Pada saat bersamaan keterkejutannya hilang dan kenikmatan yang intens mengalir di pembuluh darah Renee. Jadi inilah. Inilah yang sesungguhnya. Robert menciumnya. Ya Tuhan, akhirnya. Ia meraih ke atas dan mengalungkan tangannya di seputar pundak Robert, ke atas untuk menyusupkan jemarinya di rambut Robert. Robert beraroma nikmat. Panas gairah menguar darinya. Renee memeluk Robert lebih erat.

Apakah pekerjaannya sebanding dengan ini? Tidak, sama sekali tidak. Renee tidak mau menyerah. Ia harus tahu apa yang akan terjadi jika mereka bersama.

Robert mengangkat kepalanya dan memandang ke dalam mata Renee. "Katakanlah. Katakan, Robert aku mengundurkan diri," perintahnya, suaranya serak.

Renee menggelengkan kepalanya pelan dalam gerakan tidak ketika jari-jarinya mengusap kepala Robert. Robert meluncurkan tangannya dari lekukan pinggang Renee ke wajahnya. Ia menangkup tulang pipi Renee dengan tangan kuatnya. "Aku tidak bisa tidur denganmu ketika kau bekerja untukku." Kata-katanya dalam dan rendah, nada menuntutnya adalah mutlak.

Renee menghirup udara dan mengamati Robert dalam keheningan. Okay. Sekarang sudah jelas semuanya.

Robert melanjutkan, "Kalau saja kita bertemu di tempat lain, hal ini pasti tidak jadi masalah. Kau tahu itu. Aku tahu itu." Katanya lembut. "Kau bertarung melawan sesuatu yang tak dapat dihindari." Tangannya menangkap pergelangan tangan Renee dan menahannya di tembok selagi bibirnya mencium pipi Renee dan merambat ke telinganya.

Renee merasakan sentakan aliran listrik kedalam syarafnya ketika ia merasakan Robert mencium rambutnya. Robert memegang kedua pergelangan tangan Renee dengan satu tangannya yang kuat dan tangannya yang lain menyentuh leher Renee.

Pikiran Renee pecah berkeping-keping. Oh, Tuhan, godaan ini tidak mungkin dilawannya. Ia mati rasa. Renee terlalu bernafsu dan setengah tergila-gila pada Robert sejak pertama kali bertemu dengannya.

Robert merasakan detakan jantung Renee yang menggila. Tubuh Renee bergetar untuknya. Ia melihat mata Renee bergejolak panas ketika Robert menekankan tangannya di leher Renee sewaktu Renee terengah-engah. Robert membandingkan kekuatannya dengan kelembutan Renee. Ya Tuhan, Renee luar biasa. Robert harus berada di dalam Renee, dan secepatnya. Sialan, ia sudah terobsesi pada Renee!!

Pemahaman itu dengan telak memukul Robert. Ia melonggarkan cengkeramannya dan meletakkan kembali tangannya di pinggang Renee. Dengan posesif Robert meremas pinggang Renee dan berkata, "Pikirkan hal itu."

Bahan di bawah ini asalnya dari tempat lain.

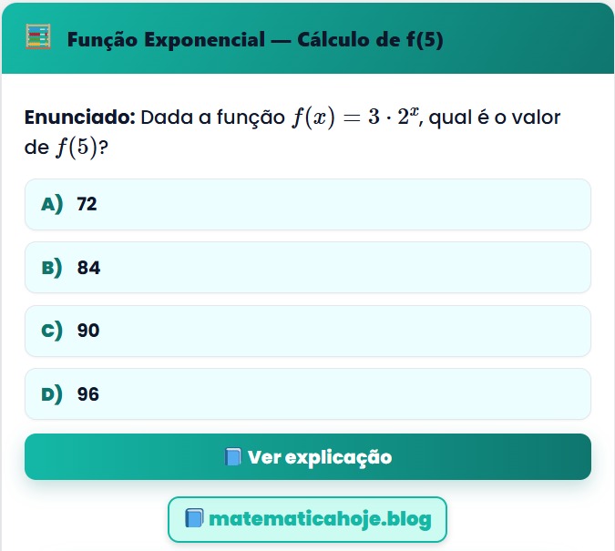 Continue lendo🧮 Função Exponencial — Cálculo de f(5) Enunciado: Dada a função \(f(x) = 3 \cdot 2^x\), qual é o valor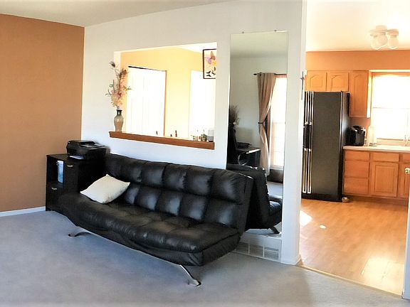 Tired of feeling penned in? This is a perfect home for you. Backs to huge open space w/access to bike paths & trails to parks. Perfect starter w/3 bedrooms, & 2 baths. Light gray carpet, Updated kitchen w/oak cabinets, & includes RF, ST & DW. Generous eating area. Up sports a lge master & guest bed w/new paint & updated full bath w/new tile, cabinet & more. Lower has FR w/wood burn fpl, new carpet & 3rd bed w/egress, 3/4 bath & laundry. Some newer dbl panes, 2 year new furnace w/ ability to add AC. Evap cooler currently in use. Roof=3 years. Hot water heater=10 yrs. Newer exterior & interior paint. Lge covered patio w/dry below type ceiling. Dbl deck w/mtn view from highest level--accessible from master or yard. Shows perfect. Huge yard w/separate fenced play area w/play house inc. Side yard for pets. Fully fenced yard. Enjoy the lilacs, roses, raspberries, grapes, lavender etc. 1 car attached garage. Corner lot, so only 1 neighbor! Don't miss this cutie!!

Robert berjalan keluar pintu dan Renee bersandar di dinding, mencoba menyatukan pikirannya yang kacau-balau dengan putus asa agar dapat berfungsi kembali.

*****

"Jenny, Robert tidak menikah." Renee kembali bersandar di tempat tidurnya, handphone di telinganya, dan mengangkat kedua kakinya ke udara dan memperhatikan cat kuku baru di kakinya. Mengingat semua kekacauan di kantor, ia merasa luar biasa hebat.

Ia memutar kakinya satu putaran, kemudian kakinya yang satunya lagi, memeriksa warna baru sewaktu ia menunggu reaksi temannya yang akan segera muncul.

"Apa?" Jenny mencicit dengan keras. Renee menjauhkan telepon dari telinganya sewaktu temannya melanjutkan. "Tidak menikah? WTF? Kau bercanda? Gimana kejadiannya? Apa dia bohong?"

Renee tersenyum mendengar bahasa gaul Jenny. Oh, rasanya keren karena punya anak remaja. Anak-anak itu membuatmu merasa muda. Musik terbaru, bahasa gaul up-to-date, dan tentu saja, cat kuku warna cherry hitam yang luar biasa. Ia memfokuskan dirinya kembali ke percakapan. "Tidak, dia tidak bohong. Aku hanya mengasumsikan wanita yang menelepon setiap saat dan bilang ia istrinya adalah beneran istrinya, bukan mantannya. Ia bercerai."

Renee berhenti sebentar. "Dan dia ingin aku mengundurkan diri dari pekerjaanku." Renee berhenti lagi. "Jadi dia bisa berhubungan seks denganku." Renee buru-buru menjauhkan gagang telepon dari telinganya lagi.

"Apa? Kau pasti bercanda, kan?" Tanya Jenny. "Apa dia bilang begitu? Apa dia pernah dengar istilah pelecehan seksual? Pria itu pasti berpikir bahwa dia adalah karunia Tuhan. Apa yang akan kau lakukan?"

"Well, aku memang cukup yakin dia ingin aku mengundurkan diri. Kurasa ia berpikir kalau itu bukanlah pelecehan seksual. Sepertinya dia baik, Jen. Kau tak mungkin menganggap itu pelecehan kalau itu sama-sama mau, ya kan? Kau, diantara semua orang tahu berapa lama aku sangat tertarik padanya. Kurasa dia menyadarinya."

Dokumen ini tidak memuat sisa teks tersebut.